Exclusive Feature: Interview with Devin MacGillivray of Yüth Forever (2016)

Album: Skeleton Youth Forever
Release Date: June 3, 2016
Genre: Nu Metalcore, Groove
Location: Oswego, IL

This is the first of what will be many exclusive interview and review partnerships brought to you by Chugcore and New Transcendence! Take a look if you're interested in learning more about the past, present and future of Yüth Forever! In promotion of their upcoming album "Skeleton Youth Forever" which will be released 6/3.

Skeleton Youth Forever is unlike anything any listener will have ever heard; this is as true upon a third listen as it will be on a thirtieth or three-hundredth. Those expecting the band’s musical pendulum to swing back toward 10 Code’s brash, brutish aggression will find themselves in completely foreign territory—as Skeleton Youth Forever continues down the rabbit hole that the band’s debut full-length started. From the hypnotic introduction “Suicide Pistol Grip Pump” to the spastic energy abundant in “People Pleaser” and “Growing Pains,” through the oddly familiar “Villains” and all the way until the last echoed line of “Forever,” the band led by frontman Devin MacGillivray take the listener on a journey unlike anything else out there. 

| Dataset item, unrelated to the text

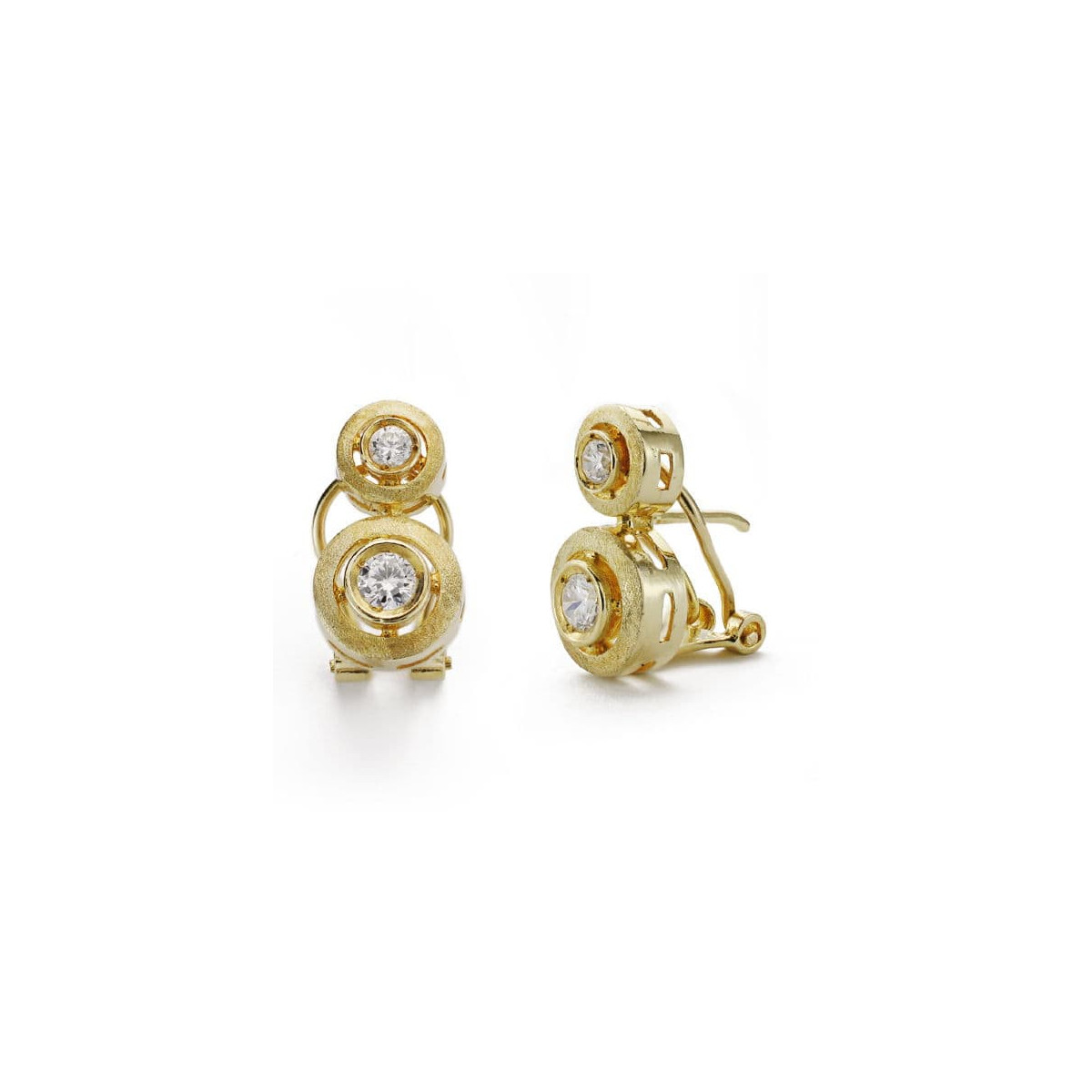 18K PENDIENTES ORO AMARILLO TU Y YO 2 CIRCONITA 16X9 MM CIERRE CATALÁN

“People Pleaser” might be the most “standard” song on the album—with rapid, rampaging drums and dirge-like, dissonant grooves taking turns swinging hammers at the listener’s skull. Meanwhile, “Do You?,” “(dreams),” and “(innocence)” see the band continuing a trend established on Freudian Slip’s “Bitteromantic pt. II” and “Freudian Slip.” These tracks are the most devastating anthems on the album, even where they are the most musically minimal. There are no jarring, ultra-heavy breakdowns or grisly grooves—just MacGillivray, the mic, and a beat—and the result is incredible. Listeners will find MacGillivray’s syllables echoing down to the deepest pits of their souls—draining away sanity like a siphon, leaving them in shambles. Songs like “(love)” and “Do You?” Work in brilliant tandem with “Bitteromantic pt. III,” giving the band's punchy, pummeling aggression a poignant, emotional impetus—forcing listeners of all ages to sob like schoolchildren. 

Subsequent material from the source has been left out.